Competition in power generation fosters technical innovation, cleaner power plants, and downward pressure on prices. Before the 1980s, such competition was almost nonexistent: vertically integrated utilities built and operated the vast majority of U.S. plants with oversight by state regulators. The Public Utility Regulatory Policies Act of 1978 and the Energy Policy Act of 1992 were enacted partially to make generation markets competitive. By the late 1990s, most new capacity was being developed by independent power producers (IPPs).
The ascendancy of IPPs, however, was short-lived. Their decline was precipitated by political reactions to the California energy crisis and the Enron scandals, and by Wall Street’s retreat from financing plants based on the assumption that "if we build it (capacity), they will come (and buy it)." These failures, wrongly blamed on the independent generator model, and an emerging consensus that the U.S. needs more power supply and lower retail prices, have fueled a policy debate on whether our generation needs are better served by independent generators and competitive markets or by state-regulated vertically integrated monopolies.
One alternative approach that has been advanced is the "hybrid" market model, in which IPPs and utilities (directly or through an affiliate) "compete" to build new generation. Proponents of hybrid markets assert they would assure anxious regulators that capacity needs will be met in timely fashion, protect investors with guaranteed revenue streams supported by regulated rates, and preserve some semblance of competition.
Worst of both worlds
Although promoted as the "best of both worlds," the benefits of hybrid markets are illusory. Hybrid markets are inherently flawed because they trust a monopsony (a single buyer) to "objectively" choose a supplier from among its own and third-party power projects—an unrealistic expectation. Moreover, embedded in the hybrid model are institutional advantages that almost always result in the purchasing utility designating its own project as winner of the supposed competition. These built-in advantages, divorced from actual superiority, include those that follow.
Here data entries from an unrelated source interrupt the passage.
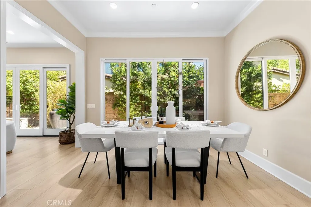 Welcome to 51 Thoroughbred, a stunning newer-construction end-unit home located on a private cul-de-sac in the desirable Strada community of Orchard Hills. This residence boasts soaring cathedral ceilings and an open floor plan, creating a bright and inviting living space. Expansive glass doors and windows open to a beautifully landscaped backyard featuring travertine flooring, a water feature, and a built-in BBQ island with seatingperfect for outdoor entertaining. The interior has been upgraded with brand-new flooring throughout, complementing the gourmet kitchen with custom tile backsplash, a large center island with seating, KitchenAid appliances, ceiling-height cabinetry, and a walk-in pantry. A convenient downstairs bedroom and full bath are ideal for guests or multi-generational living. Upstairs, a versatile loft offers space for a playroom, office, or media room. The serene primary suite includes a customized walk-in closet and spa-inspired bath with dual vanities, a soaking tub, and a separate shower. Two additional bedrooms, a full bath with double sinks, and a spacious laundry room complete the upper level. Additional highlights include a reverse-osmosis water filtration system, whole-house water softener, plantation shutters, automatic outdoor lighting and irrigation, and a garage with epoxy flooring and extensive built-in cabinetry. Residents of Orchard Hills enjoy resort-style amenities including pools, spas, BBQ areas, basketball courts, and playgrounds. Conveniently located near major freeways, toll roads, premier shopping and dining, and within the award-win
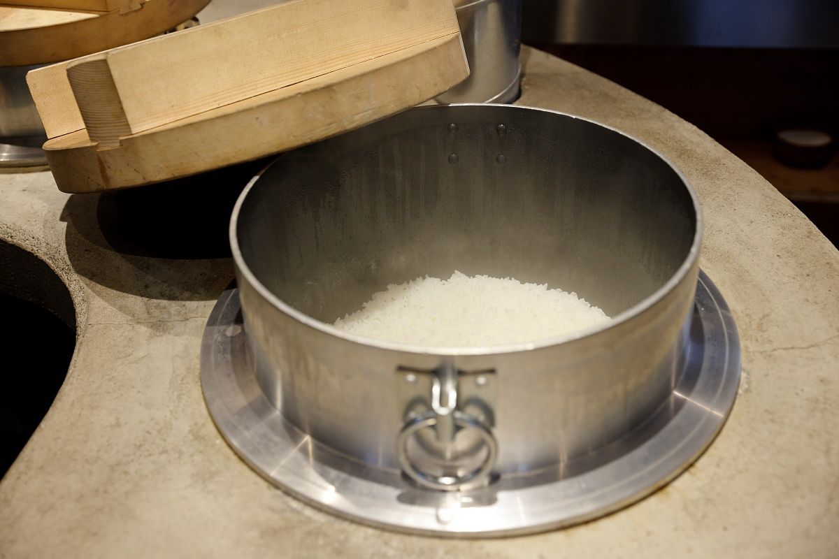 白飯可免費續碗!「挽肉と米」會將米在水中充分漫泡後乾,並依季節而異,配合適當水量,仔細計算米的分量。接著在羽釜鍋中用大火一口氣將米煮熟,就能煮出鬆軟又美味的白飯,煮飯的程序會依照米的品種進行微調。 飯灶上不間斷地輪流烹煮,因此顧客不管續多少碗,吃到的都是新鮮現煮的白飯。
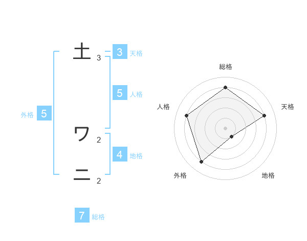 土 ワニさんの総格は7画の4点!
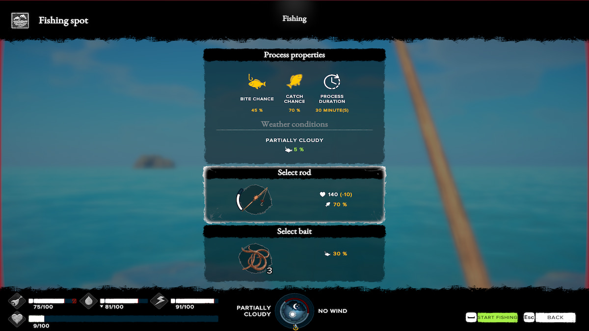 要开始钓鱼过程,请靠近竿架,您将看到弹出的“开始钓鱼”选项。一样生火,你只会有机会钓到一条鱼,根据你的鱼竿和鱼饵,机会的增加会有所增加。您可能需要多次尝试才能捕获任何东西。
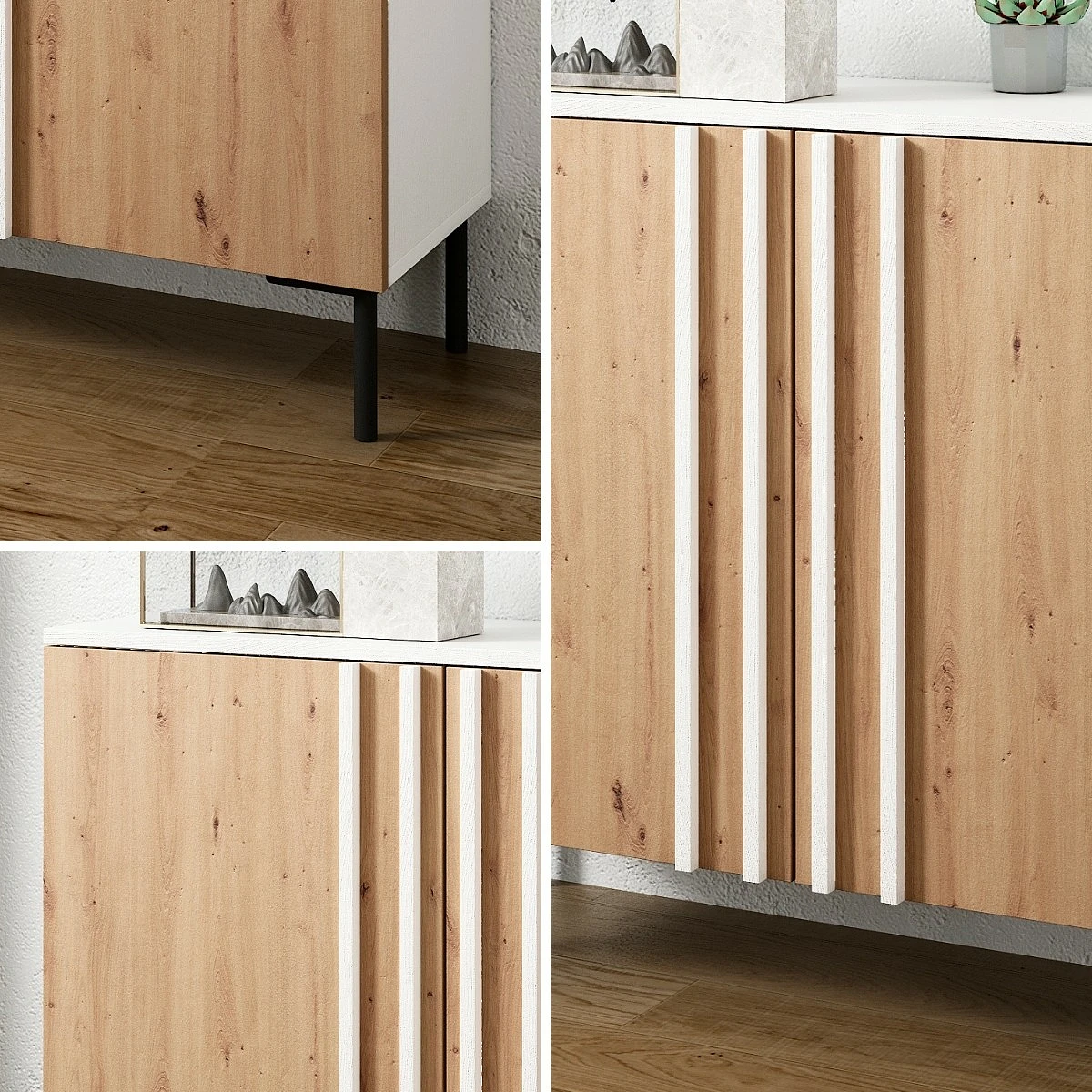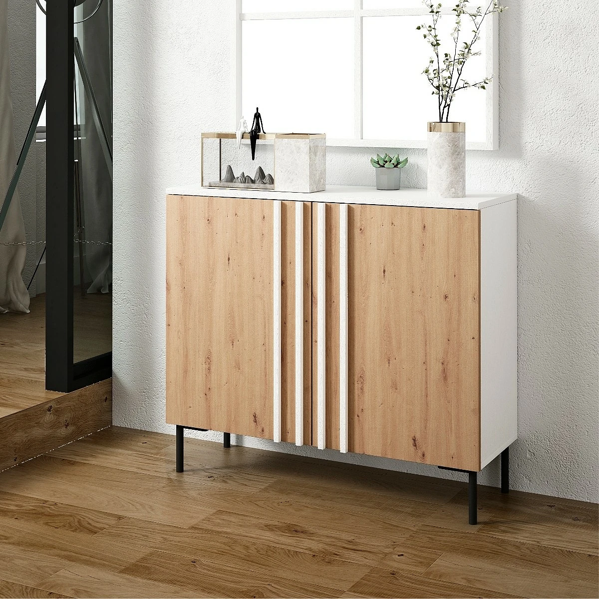 El diseño de esta consola destaca por su frontal decorativo, donde las molduras verticales en blanco integran los tiradores y generan un ritmo visual atractivo. Esta característica no solo aporta un toque de diseño, sino que también facilita el uso diario sin romper la estética del mueble.
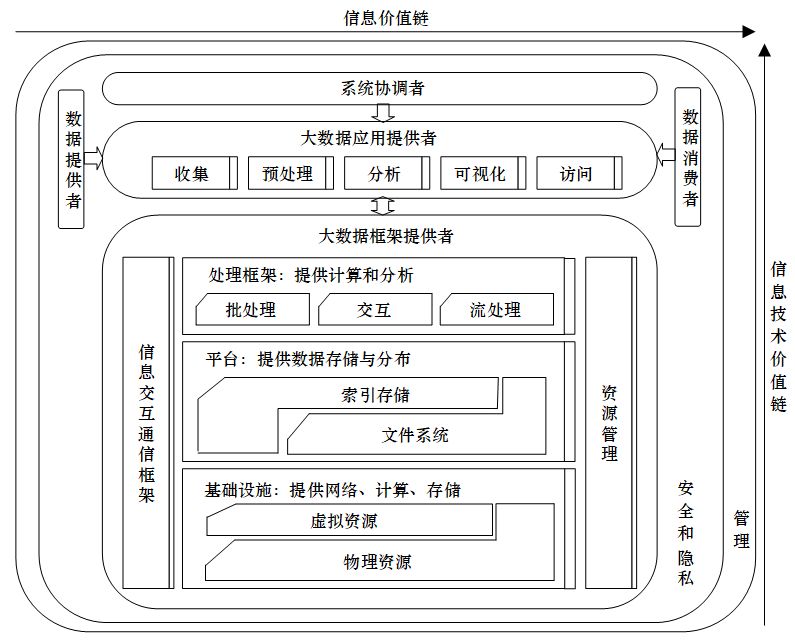 大数据参考架构 大数据参考架构是一种用作工具以便于对大数据的内在要求、设计结构和运行进行开放性探讨的高层概念模型。2017年全国信标委发布国家标准信息技术 大数据 技术参考模型,文中提出我国大数据参考架构如图1所示。

Subjective determinations of need. The purchasing utility determines its need for incremental generation. Not surprisingly, in many cases to date, purchasing utilities have found "no need" for the new capacity proposed by an IPP but identify a "ready market" for the capacity the utility envisions building.
One-sided costs of delays. IPPs cannot obtain financing for a power project without a signed power purchase agreement (PPA), including a commitment that the plant be on-line by a date certain. Any delay in the awarding or regulatory approval of a PPA subjects the independent generator to financial risk. That risk raises the IPP’s costs and thus the floor of its bid price, making the project less competitive. Utilities’ access to balance sheet financing and their general control over the timing of the execution of PPAs effectively insulates their projects from the risks of such delays.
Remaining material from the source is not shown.